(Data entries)
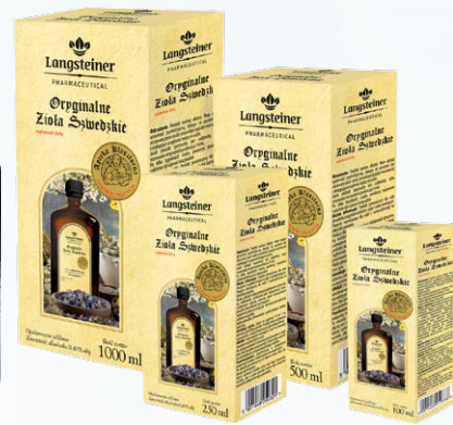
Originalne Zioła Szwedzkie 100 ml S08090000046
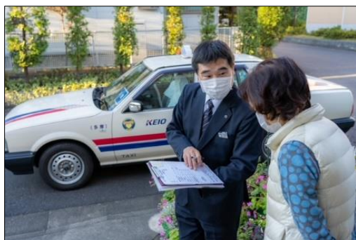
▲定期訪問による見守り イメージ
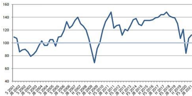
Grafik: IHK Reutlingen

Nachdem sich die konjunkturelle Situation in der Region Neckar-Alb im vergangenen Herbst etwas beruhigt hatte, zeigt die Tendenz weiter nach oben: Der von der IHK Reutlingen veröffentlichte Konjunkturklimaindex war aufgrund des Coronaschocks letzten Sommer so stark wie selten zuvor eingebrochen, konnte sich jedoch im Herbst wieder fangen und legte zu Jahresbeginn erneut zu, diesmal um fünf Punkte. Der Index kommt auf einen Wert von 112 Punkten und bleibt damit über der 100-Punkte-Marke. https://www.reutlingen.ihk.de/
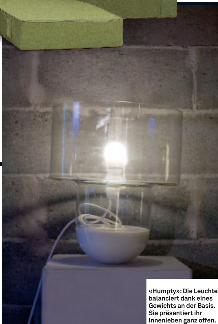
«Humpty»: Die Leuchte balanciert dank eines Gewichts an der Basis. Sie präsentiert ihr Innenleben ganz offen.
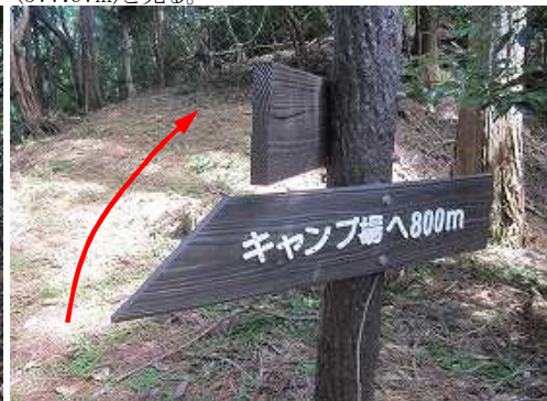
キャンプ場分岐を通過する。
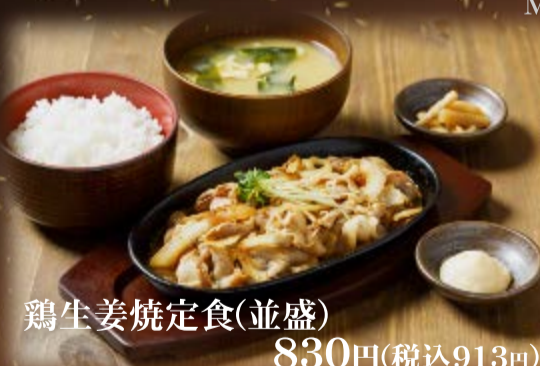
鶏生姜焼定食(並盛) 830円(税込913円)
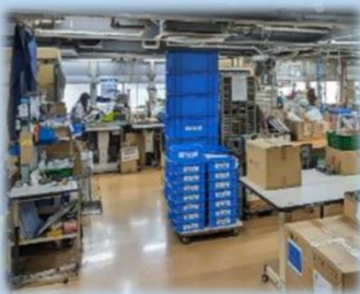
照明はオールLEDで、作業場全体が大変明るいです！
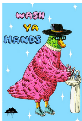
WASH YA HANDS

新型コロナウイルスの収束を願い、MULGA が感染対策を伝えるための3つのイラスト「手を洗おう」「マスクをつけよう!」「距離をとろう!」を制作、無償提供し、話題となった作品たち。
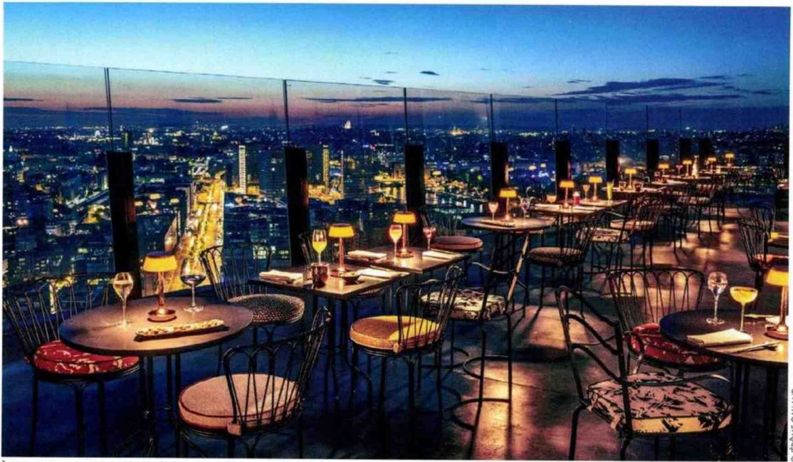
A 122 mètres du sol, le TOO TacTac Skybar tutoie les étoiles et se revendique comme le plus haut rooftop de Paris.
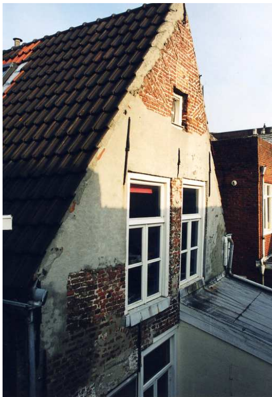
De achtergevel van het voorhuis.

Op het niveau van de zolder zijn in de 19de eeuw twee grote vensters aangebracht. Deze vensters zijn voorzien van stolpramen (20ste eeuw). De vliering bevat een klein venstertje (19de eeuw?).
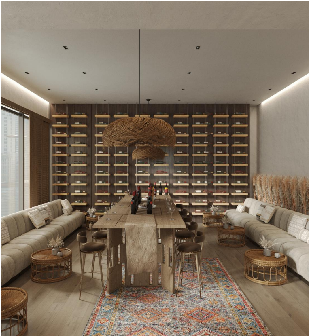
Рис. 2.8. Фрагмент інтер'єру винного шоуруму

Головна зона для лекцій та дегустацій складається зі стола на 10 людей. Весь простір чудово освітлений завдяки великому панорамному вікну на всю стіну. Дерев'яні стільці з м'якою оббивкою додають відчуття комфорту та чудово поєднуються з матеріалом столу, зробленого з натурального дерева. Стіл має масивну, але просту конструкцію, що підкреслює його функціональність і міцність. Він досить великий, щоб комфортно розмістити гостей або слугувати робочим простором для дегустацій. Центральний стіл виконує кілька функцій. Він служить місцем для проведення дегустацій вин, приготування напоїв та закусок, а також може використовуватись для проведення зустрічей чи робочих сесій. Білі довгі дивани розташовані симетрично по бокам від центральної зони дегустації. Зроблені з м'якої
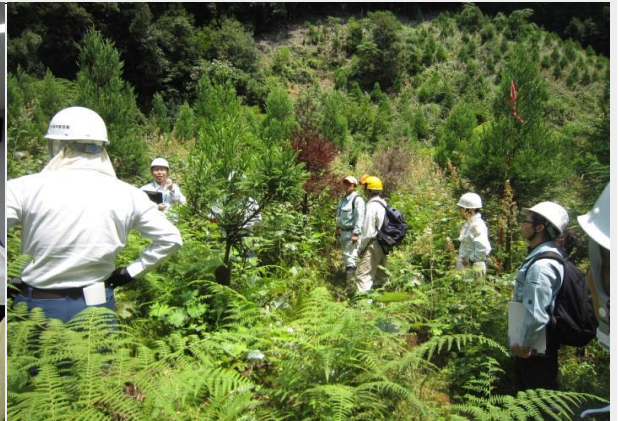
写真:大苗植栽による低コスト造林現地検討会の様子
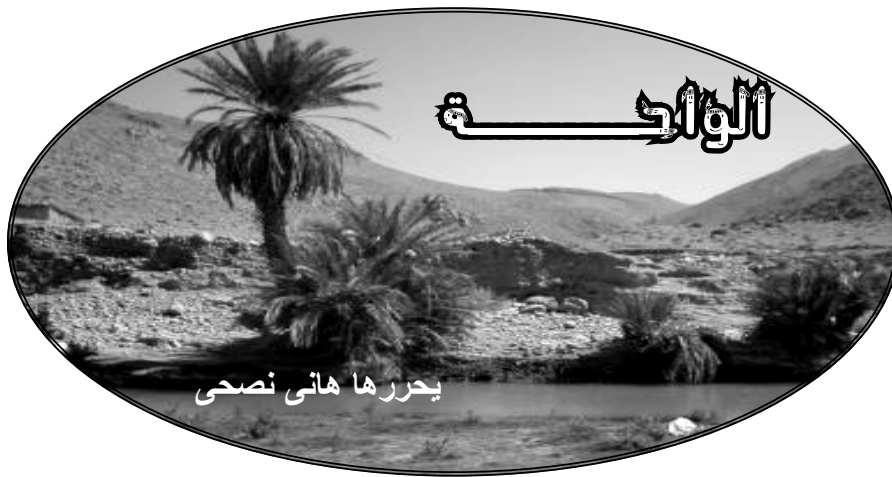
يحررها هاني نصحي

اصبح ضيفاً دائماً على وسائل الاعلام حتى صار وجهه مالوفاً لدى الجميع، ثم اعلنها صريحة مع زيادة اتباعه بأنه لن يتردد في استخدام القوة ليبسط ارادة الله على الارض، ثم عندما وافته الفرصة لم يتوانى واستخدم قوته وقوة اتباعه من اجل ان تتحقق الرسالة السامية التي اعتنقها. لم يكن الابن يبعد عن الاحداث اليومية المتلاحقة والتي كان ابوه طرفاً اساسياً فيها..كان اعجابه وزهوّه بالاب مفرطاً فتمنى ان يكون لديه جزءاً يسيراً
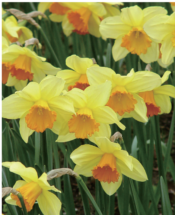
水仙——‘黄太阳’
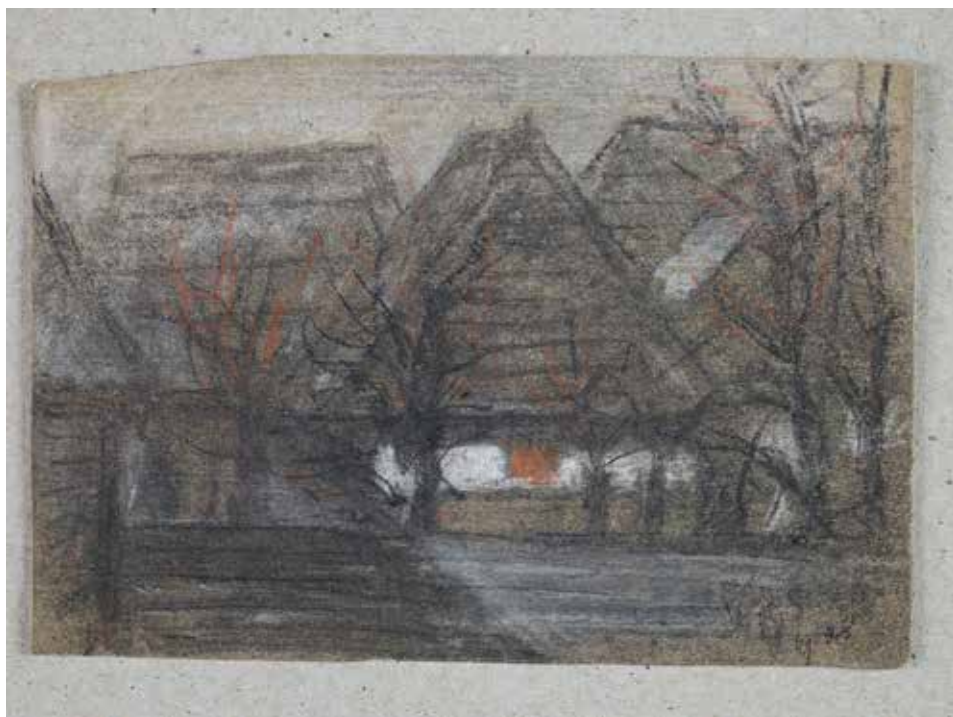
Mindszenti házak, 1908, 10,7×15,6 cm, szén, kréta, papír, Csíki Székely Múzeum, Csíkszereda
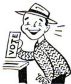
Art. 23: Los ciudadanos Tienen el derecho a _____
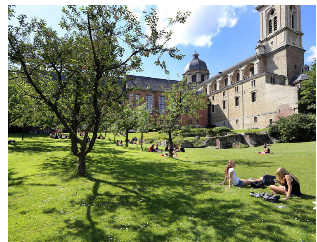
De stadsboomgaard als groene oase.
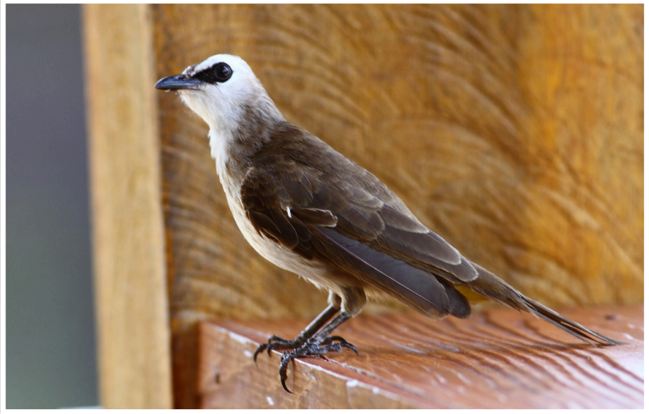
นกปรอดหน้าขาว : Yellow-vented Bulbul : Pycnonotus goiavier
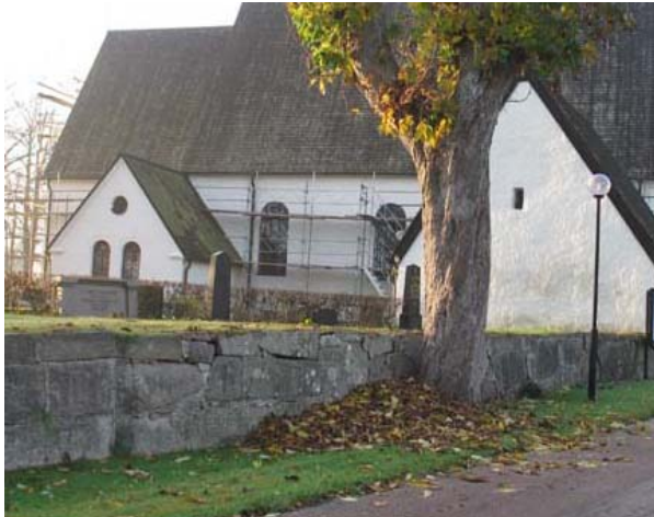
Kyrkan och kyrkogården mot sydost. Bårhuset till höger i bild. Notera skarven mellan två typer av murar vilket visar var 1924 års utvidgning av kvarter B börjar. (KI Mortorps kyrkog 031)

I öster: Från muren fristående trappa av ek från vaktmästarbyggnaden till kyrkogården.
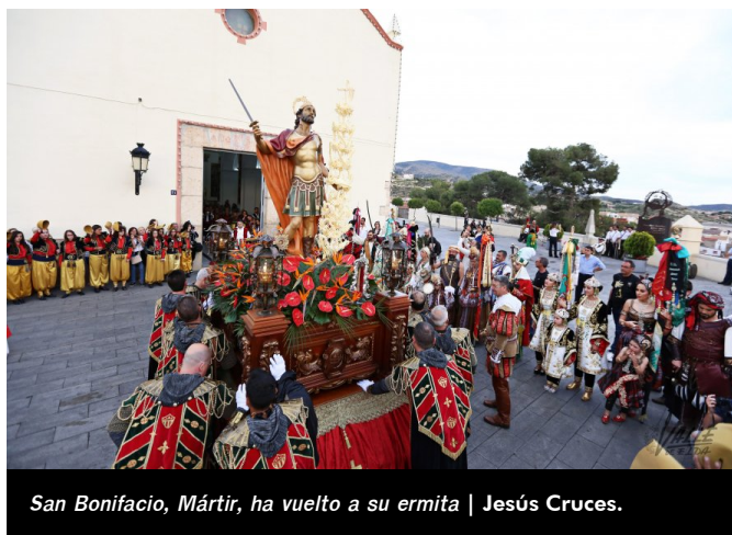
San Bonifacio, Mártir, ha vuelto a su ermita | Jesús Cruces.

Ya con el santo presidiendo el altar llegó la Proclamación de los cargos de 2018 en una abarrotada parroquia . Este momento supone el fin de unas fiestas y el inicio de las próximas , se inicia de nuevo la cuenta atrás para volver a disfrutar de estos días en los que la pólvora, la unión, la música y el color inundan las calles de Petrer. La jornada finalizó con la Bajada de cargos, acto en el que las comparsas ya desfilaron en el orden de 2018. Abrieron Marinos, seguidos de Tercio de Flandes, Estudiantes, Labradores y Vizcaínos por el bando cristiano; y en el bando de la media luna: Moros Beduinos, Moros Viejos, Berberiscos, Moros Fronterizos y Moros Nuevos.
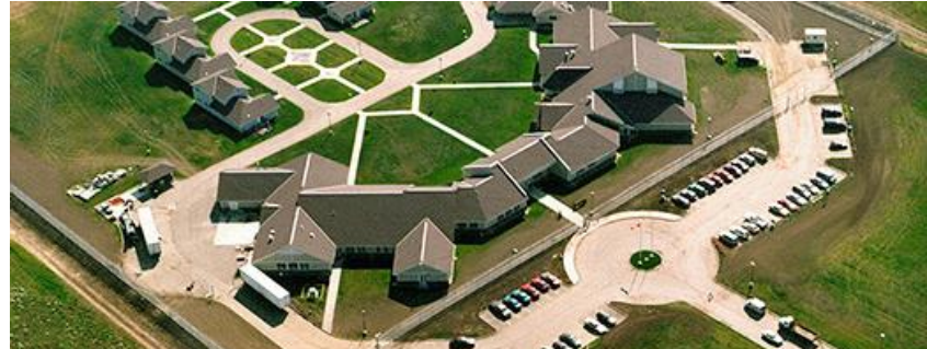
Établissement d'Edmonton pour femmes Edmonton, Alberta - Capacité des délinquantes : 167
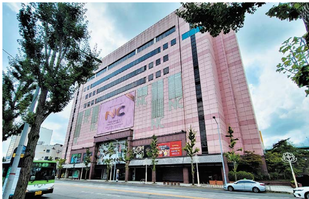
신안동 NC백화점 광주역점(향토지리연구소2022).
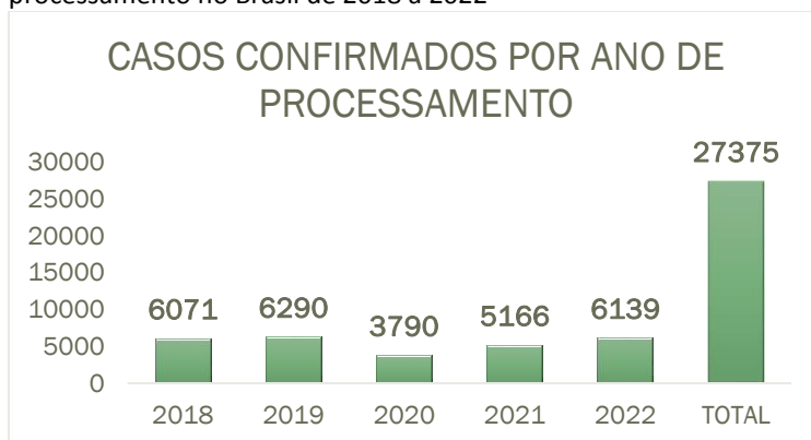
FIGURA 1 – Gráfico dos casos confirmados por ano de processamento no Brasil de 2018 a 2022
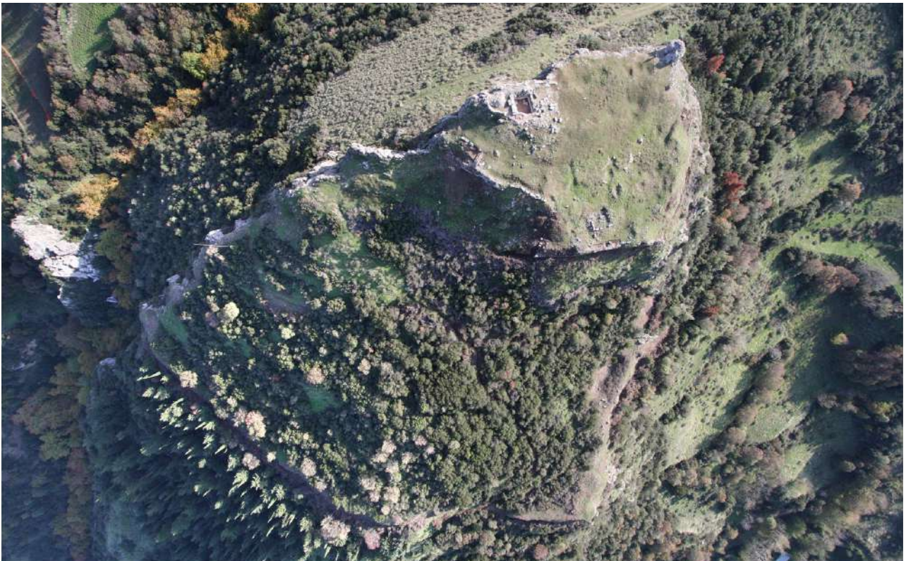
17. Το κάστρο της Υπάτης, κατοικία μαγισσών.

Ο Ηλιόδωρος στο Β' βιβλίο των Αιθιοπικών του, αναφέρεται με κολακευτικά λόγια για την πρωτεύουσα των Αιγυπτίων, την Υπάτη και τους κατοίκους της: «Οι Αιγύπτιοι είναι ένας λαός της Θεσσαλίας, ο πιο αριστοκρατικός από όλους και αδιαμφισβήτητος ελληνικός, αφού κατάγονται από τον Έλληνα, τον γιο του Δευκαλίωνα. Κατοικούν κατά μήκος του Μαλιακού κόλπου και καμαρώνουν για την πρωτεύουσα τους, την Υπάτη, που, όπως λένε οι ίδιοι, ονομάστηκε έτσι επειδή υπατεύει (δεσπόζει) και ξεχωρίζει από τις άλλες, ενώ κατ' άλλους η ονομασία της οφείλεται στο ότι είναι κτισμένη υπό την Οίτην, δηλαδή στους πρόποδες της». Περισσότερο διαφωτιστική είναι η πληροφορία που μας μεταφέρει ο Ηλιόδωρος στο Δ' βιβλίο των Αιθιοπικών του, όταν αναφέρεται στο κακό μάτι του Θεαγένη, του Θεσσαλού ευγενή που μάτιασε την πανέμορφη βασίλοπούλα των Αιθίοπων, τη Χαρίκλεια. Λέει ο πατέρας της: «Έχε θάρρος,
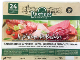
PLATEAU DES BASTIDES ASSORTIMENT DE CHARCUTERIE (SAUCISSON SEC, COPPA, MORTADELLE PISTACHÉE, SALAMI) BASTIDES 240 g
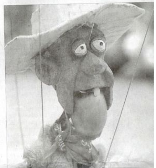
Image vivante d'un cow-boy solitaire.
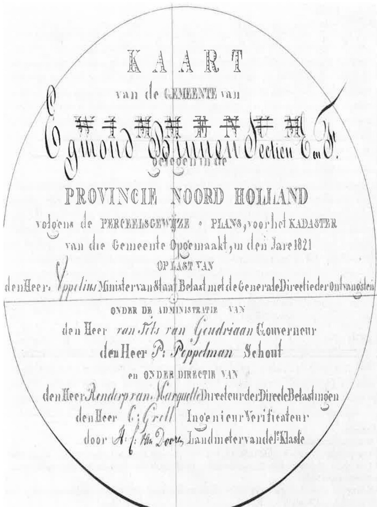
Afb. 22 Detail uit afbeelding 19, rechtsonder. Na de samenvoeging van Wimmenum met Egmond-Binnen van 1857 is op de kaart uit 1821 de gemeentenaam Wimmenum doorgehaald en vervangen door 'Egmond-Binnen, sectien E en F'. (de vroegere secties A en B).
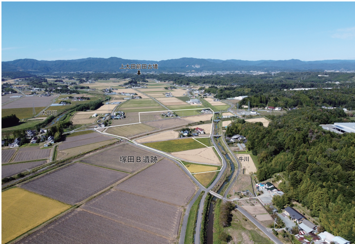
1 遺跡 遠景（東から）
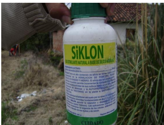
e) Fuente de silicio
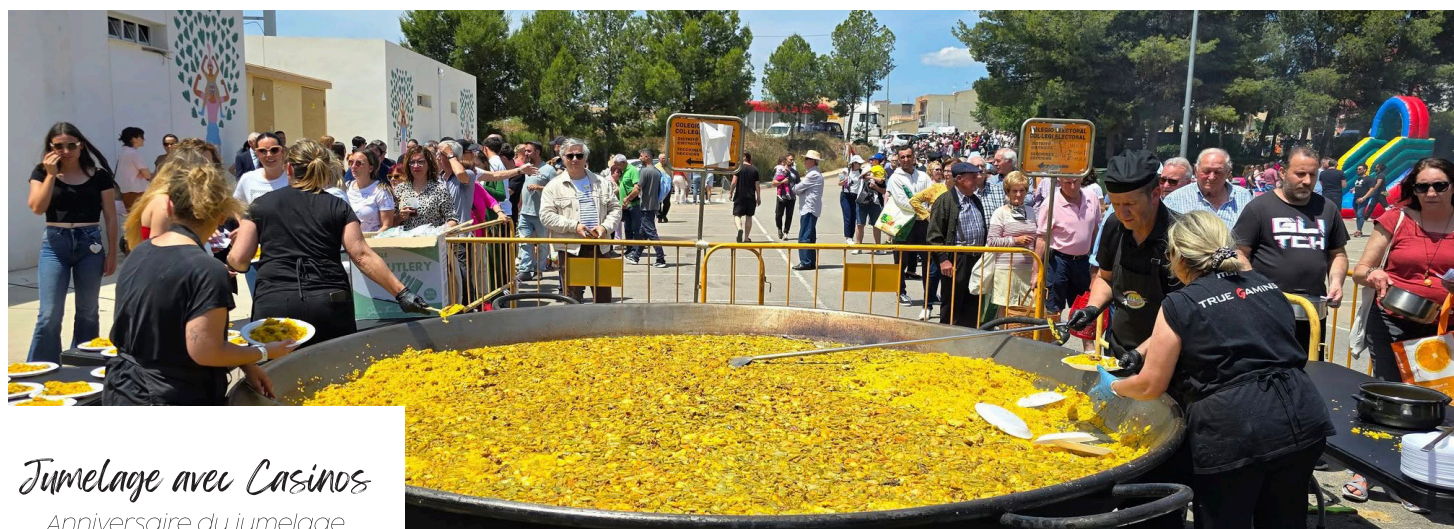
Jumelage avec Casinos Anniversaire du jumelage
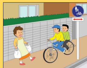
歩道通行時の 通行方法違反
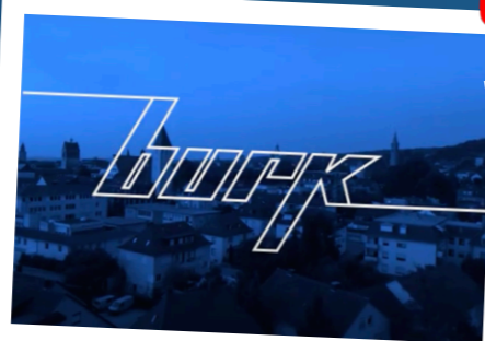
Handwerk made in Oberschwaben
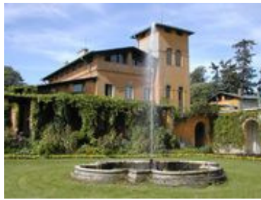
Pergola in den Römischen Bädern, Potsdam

WORK INSTRUCTIONS:
Set down precisely the lines above between the line holding "San Bonifacio, Mártir, ha" and the line holding "Ya con el santo", inclusive, and nothing beyond them.

ANSWER FOR THIS EXERCISE:
San Bonifacio, Mártir, ha vuelto a su ermita | Jesús Cruces.

Ya con el santo presidiendo el altar llegó la Proclamación de los cargos de 2018 en una abarrotada parroquia . Este momento supone el fin de unas fiestas y el inicio de las próximas , se inicia de nuevo la cuenta atrás para volver a disfrutar de estos días en los que la pólvora, la unión, la música y el color inundan las calles de Petrer. La jornada finalizó con la Bajada de cargos, acto en el que las comparsas ya desfilaron en el orden de 2018. Abrieron Marinos, seguidos de Tercio de Flandes, Estudiantes, Labradores y Vizcaínos por el bando cristiano; y en el bando de la media luna: Moros Beduinos, Moros Viejos, Berberiscos, Moros Fronterizos y Moros Nuevos.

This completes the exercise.